Yes. I remember Adlestrop—
The name, because one afternoon
Of heat the express-train drew up there
Unwontedly. It was late June.


The steam hissed. Someone cleared his throat.
No one left and no one came
On the bare platform. What I saw
Was Adlestrop—only the name


And willows, willow-herb, and grass,
And meadowsweet, and haycocks dry,
No whit less still and lonely fair
Than the high cloudlets in the sky.


And for that minute a blackbird sang
Close by, and round him, mistier,
Farther and farther, all the birds
Of Oxfordshire and Gloucestershire.



But was the station truly deserted?


AT ADLESTROP?
(June 24th. 1914, 12:45)


The old man always said that he was there —
unseen small boy just sitting in the shade.
True, no one came or went as poet claimed —
that hissing train held briefly at this stop.
Midsummer Day, that early afternoon,
those Summer signs — end of era captured;
the poet peered from carriage of his train,
he and the boy entranced by blackbird’s song.


Patrick Osada



Like many who have read Thomas’s famous poem,
I took the opportunity to visit Adlestrop… this is
what I found.


ADLESTROP AGAIN


Travelling across country in the rain
I passed the sign for Adlestrop and, in
that moment, chose to turn and turn again
to follow down that twisting country lane.
I held an image in my mind of June,
Nineteen Fourteen, and wondered what I'd find,
what echoes of the scene you had described.

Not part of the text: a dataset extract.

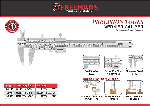 FREEMANS FVC150 Vernier Caliper with hardened stainless steel body (0-150mm | 0-6Inch)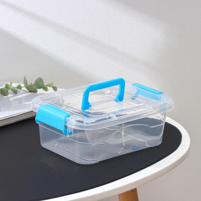 Контейнер для хранения, крышка с ручкой на защёлке, 1.4 л, 20×15×7.5 см, прозрачный корпус, голубая ручка

Trains pass the village but the station's gone :
saved from your time, only the name survives.
Beneath dripping oak, inside the shelter
where travellers wait a sporadic bus :
ADLESTROP in Great Western's brown and cream;
a bench marked G.W.R, preserved
beneath the station's name, bearing your verse.


I stopped and parked my car. Dodging the rain
I sheltered with these relics of the past
(incongruously lodged) to read your lines
in silence from neat plaque.........Not one bird sang,
still no one left and no one came that way.
So I drove on as skies grew mistier
through rains of Oxfordshire and Gloucestershire.